Yeah, that was one hell of a jump to get up over the Monstah.


----------



## ScottySkis (Oct 21, 2013)

So Boston in 5 games I predict to be World Series Champions.


----------



## wa-loaf (Oct 21, 2013)

Scotty said:


> So Boston in 5 games I predict to be World Series Champions.

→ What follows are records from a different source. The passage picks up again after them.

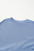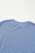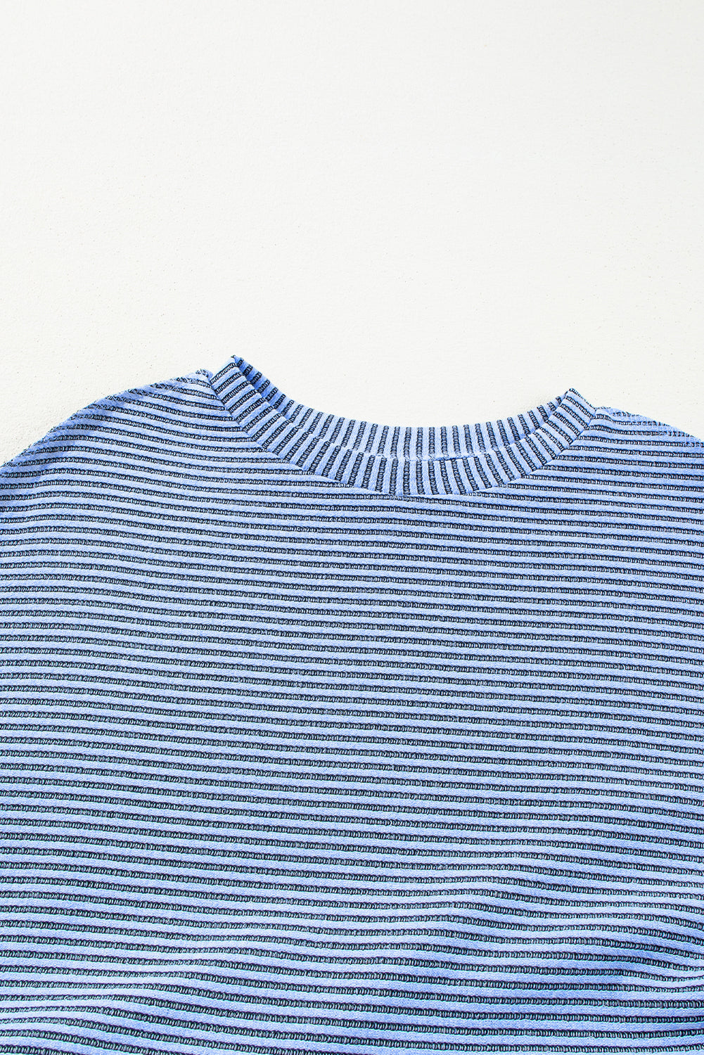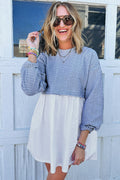 Sale Sky Blue Stripe Patchwork Pleated High Waist Loose Mini Dress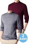 Uniquetrenders 2'Li Erkek Tüylenmeyen Yarım Boğazlı Triko Kazak Yarım Balıkçı Triko Kazak Füme - Bordo S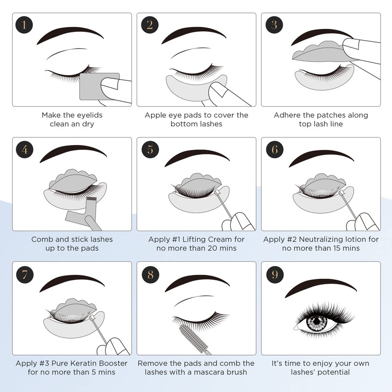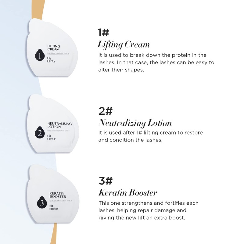 - ENOUGH FOR 10 APPLICATIONSLifting Cream *10pcs, Neutralizing Lotion *10pcs, Keratin Booster *10pcs, Lash Shields (S/M/L) *6pairs, 3-In-1 Wand *1pcs, 3D Eye Pads *10Pouches , Micro Brushes *25pcs, Mascara Brushes *15pcs, Ring Cups *50pcs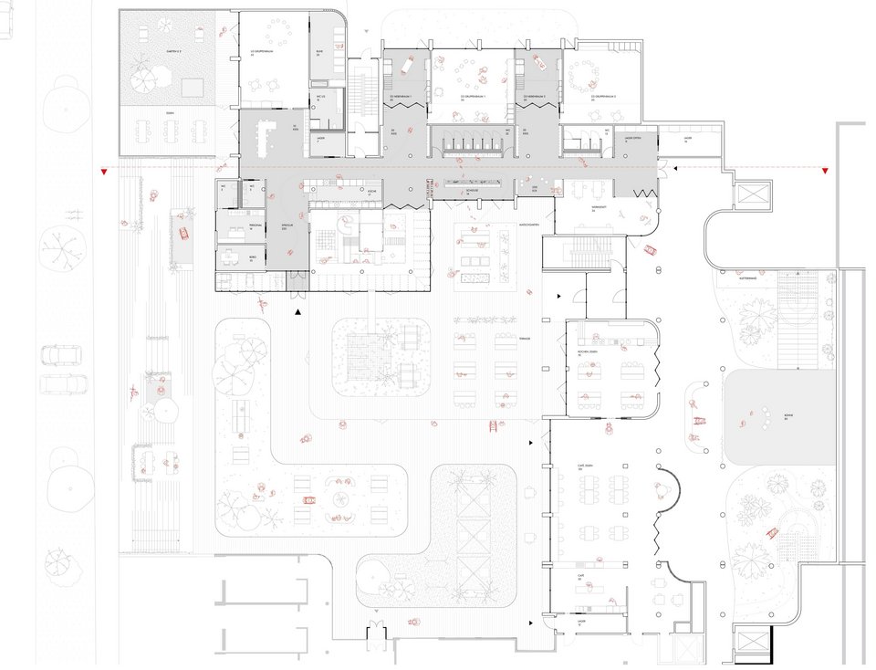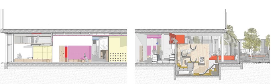 Die fließende Raumaufteilung im Kindergartenentwurf spiegelt die spielerische Energie und Unbeschwertheit der Kinder wieder. Der Spielflur dient nicht nur als Raum für gemeinsame Aktivitäten, sondern beherbergt auch die Küche, Waschbecken und den Zugang zum Gartenbereich. Kleine Nebenräume sind durch Nischen von den großen Gruppenräumen für die verschiedenen Kindergruppen abgetrennt.

I don't think they'll be as easy to beat as last time ...


----------



## Trekchick (Oct 21, 2013)

deadheadskier said:


> look a little closer at the picture and where in the ballpark it is


Doh! 

On other news, Leyland holding press conference at 11:30 EST to announce his departure from the Tigers.
http://www.detroitnews.com/article/20131021/SPORTS0104/310210077/


----------



## thetrailboss (Oct 21, 2013)

Trekchick said:


> Doh!
> 
> On other news, Leyland holding press conference at 11:30 EST to announce his departure from the Tigers.
> http://www.detroitnews.com/article/20131021/SPORTS0104/310210077/




Bummer.  They had a good team.


----------



## from_the_NEK (Oct 21, 2013)

thetrailboss said:


> Bummer.  They had a good team.


Agreed. If the Tigers had been playing anyone besides the Red Sox, I would have been rooting for them.


----------



## Geoff (Oct 21, 2013)

deadheadskier said:


> Somebody got a pretty good photo of Torii Hunter trying trying to save the Vitorino Grand Slam last night



I like the photoshop.


----------



## Trekchick (Oct 22, 2013)

It sounds like Leyland was tired and ready for a change.  In the press conference he said, "I'll be staying on in a position 'yet to be determined'"

He made it clear that this was his decision and that they wanted him to stay on as Manager but he knew it was time. 

Respect.


----------



## skiNEwhere (Oct 23, 2013)

3-0 sox in the second so far


----------



## thetrailboss (Oct 23, 2013)

Wow.  The Cards are really not doing well at all.  The Sox are in their heads.  Hope that the Sox continue to play solidly.


----------



## dlague (Oct 23, 2013)

thetrailboss said:


> Wow.  The Cards are really not doing well at all.  The Sox are in their heads.  Hope that the Sox continue to play solidly.



+ 1 Nice catch by Gomes


----------



## thetrailboss (Oct 23, 2013)

Cards are threatening, but not able to bring runners in.  I think that they are just really nervous about being in the noisy, rowdy Fenway Park.  Hope this becomes a W for the Sox.


----------



## drjeff (Oct 23, 2013)

thetrailboss said:


> Cards are threatening, but not able to bring runners in.  I think that they are just really nervous about being in the noisy, rowdy Fenway Park.  Hope this becomes a W for the Sox.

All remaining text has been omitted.